Understand the Components of Monitoring
- Every monitoring architecture or setup works with same base components, They are
- Alerts/notifications:
- A alert/notification is an event that is triggered to inform the system Admin or Cloud Engineer about a potential issue or issue that has already happened
- Notifications can be sent using different media Email, SMS, Pager Alert, Mobile App Push Notifications.
- In AWS there is a Service called as Amazon SNS (Simple Notification System) where we can configure alerts/notifications
- Events:
- Any action or activity or series of activities that occur in a system is called an event
- The ability to track each of thes events is very important in monitoring software systems and applications
- Logging:
- A log is historical record of an event.
- A log contains details of the event and also the time when event occured.
- Logs are generally text files in formats such as (.txt, .json, .xml)
- Analyzing Logs to improve troubleshooting is an important action for admins.
- Metrics
- A metric is an information about a resource at certain point of time
- Examples: Free disk space, memory consumption, cpu usage etc
- System Availability:
- Availability = (uptime)/(uptime+downtime)
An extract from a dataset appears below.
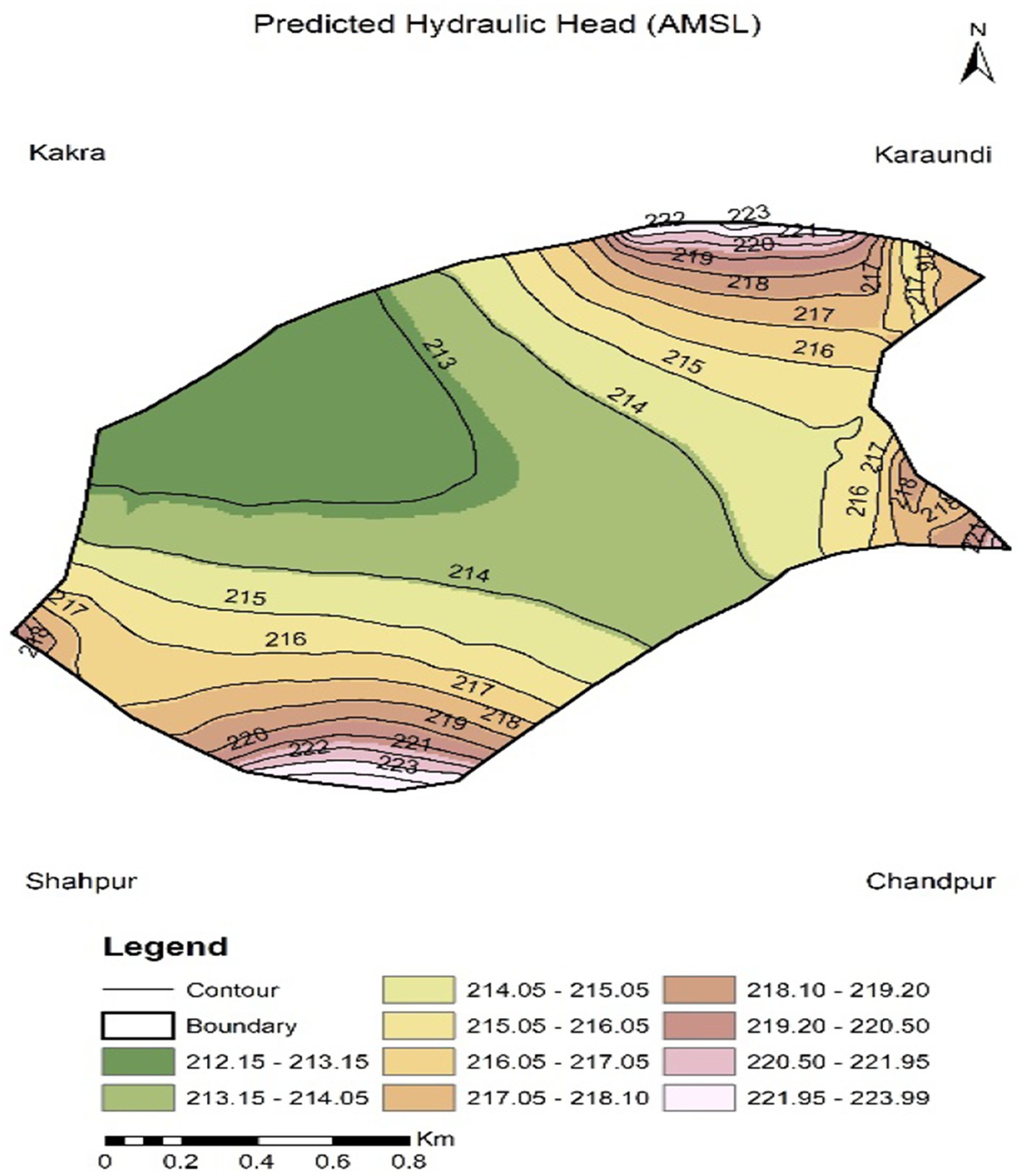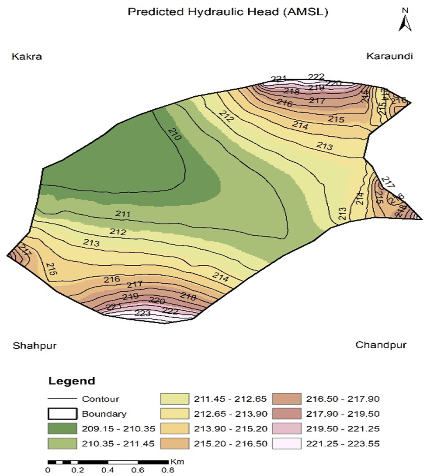 It is evident from the field that when irrigation is applied through earthen field channels with a measured application efficiency of 60% (Scenario 1) and groundwater draft of 0.0033 m/day the predicted water table elevation is 213.84 m. The corresponding water table contour map of scenario 1 is shown in Figure 14. This scenario is unable to offset the prevailing rate of groundwater extraction and thus fails to halt the declining water table. This finding is consistent with field evidence across India, where earthen field channels (EFCs) suffer from seepage, evaporation, and operational losses, resulting in application efficiencies between 50–65% (Dhawan, 2017; Kumar M. D. et al., 2020; Kumar R. et al., 2020). This implies that inefficient water conveyance significantly increases groundwater abstraction to meet crop water demands, thereby aggravating aquifer depletion.

- Incidents: Some issue that has caused the failure of the system
- Alerts/notifications:
- Note: MTTR (Mean time to Recover)
AWS CloudWatch
- This is a Service designed by AWS which is end-to-end monitoring solution, used for monitoring applications, server, serverless application, on-premises systems and many more.
- Cloud Watch has the ability
- to collect and store logs of the applications deployed in any environment
- to collect metrics and create dashboards
- to use SNS to send notifications of failures
- to capture inbuilt Events
- to take corrective actions